Очень тщательно, точно, не прерываемый Эмили, Джек пересказал события вчерашней ночи с того самого момента, как они ушли с приема, и до прихода домой, когда они плотно заперли за собой двери, отгородившись от улицы с ее насилием и страхами.
Горничная принесла еще одну чашку. Эмили налила чай, и Питт стал понемногу отхлебывать, внимательно слушая рассказ. Наконец он поставил чашку на стол и, нахмурившись, взглянул на Джека.
– Ты уверен, что не упустил ни одной подробности?
Джек посмотрел на Эмили.
– Ничего, – ответила она, – он точно обо всем рассказал.
– А кто был человек, пришедший тебе на помощь? – Томас перевел взгляд с Эмили на Джека и обратно.
– Не знаю, – поспешно ответила Эмили, – я ведь не спросила, как его зовут, и сама тоже не представилась.

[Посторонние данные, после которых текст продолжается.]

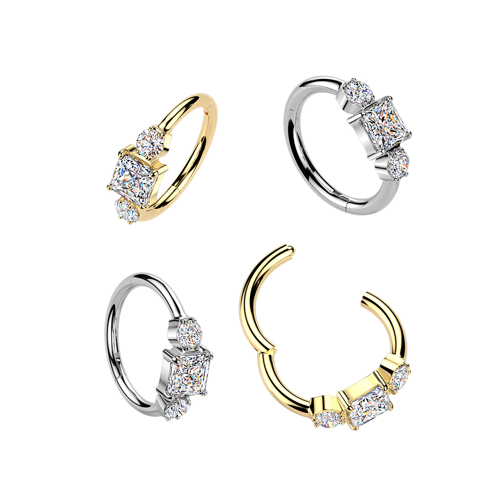 Tres piedras, un estilazo. Este aro de titanio con bisagra y tres piedras de circonita de Bodymum Premium le da a tu piercing ese brillo que necesita. Sutil como para llevarlo en tu día a día, pero lo suficientemente brillante como para girar cuellos allá donde vayas.

– А вы узнали бы его, если бы опять с ним встретились?
– Возможно, – на этот раз ответил Джек. – Хотя не уверен. Улица была очень плохо освещена, а я – довольно сильно потрясен всем случившимся. Надо еще учесть, что и одет он был не так, как полагается, когда с кем-нибудь знакомишься.
– А как вы были одеты?
– Во фраке и белой рубашке, как полагается для приема, – пожал плечами Джек. – Пальто на мне не было, потому что вечер был теплый. – Он взглянул на жену. – А Эмили была в темно-зеленом вечернем туалете, но на ней был плащ с капюшоном, накинутым на голову.
– Он мог бы узнать тебя? – задумчиво спросил Питт.
Эмили покачала головой.
– Прежде я его, насколько мне помнится, никогда не встречала. Так почему же он должен узнать меня? Я не баллотируюсь в члены парламента. – Она усиленно затрясла головой. – Нет, нет, я какое-то время лежала на земле, но, когда он помогал Джеку, я встала, но смотрела только на Джека. Не думаю, чтобы я хоть раз внимательно взглянула на этого человека.
Питт задумался.
– Но тогда каким образом он мог узнать, кто вы такие? Вы уверены, что рядом больше никого не было?
– Потом, когда мы уже уходили, подошел еще один, – ответил Джек. – Но мы сказали ему только, что физически не пострадали.
– Подходили и другие, – прибавила Эмили. – Я ведь кричала во всю мочь. Думаю, что несколько человек обратили на это внимание, от всей души на это надеюсь. Я так старалась…
– Но все произошло примерно в миле от Гайд-парка, – уточнил Джек. – И мне ничего не известно об Уинтропе и мистере Арледже, к ним я никакого отношения не имел. Почему же выбор пал на меня?
– Не знаю, – совершенно обескураженно ответил Питт, и Эмили так за него расстроилась, что совсем забыла о собственном волнении.
– Джек думает, что это не обязательно Палач, – сказала она очень серьезно, – хотя у него был топор, я видела его очень ясно. Ты не думаешь, что это связано с политикой?
Томас уставился на нее долгим взглядом. Эмили смутилась. Наверное, она задала глупый вопрос.
Питт встал и поблагодарил за чай.
– Хочу разузнать, как обо всем этом стало известно Эттли, – нахмурившись, сказал он. – Пока я ничего не понимаю.
Он ожидал, что ему будет довольно трудно найти Найджела Эттли, учитывая, что избирательная кампания была в полном разгаре, но на самом деле все оказалось очень просто. Эттли был дома, рядом с Манчестер-сквер, и сразу же без долгих предварительных ожиданий принял Питта. Политик предпочел выйти к нему в коридор, а не пригласить в библиотеку или в кабинет.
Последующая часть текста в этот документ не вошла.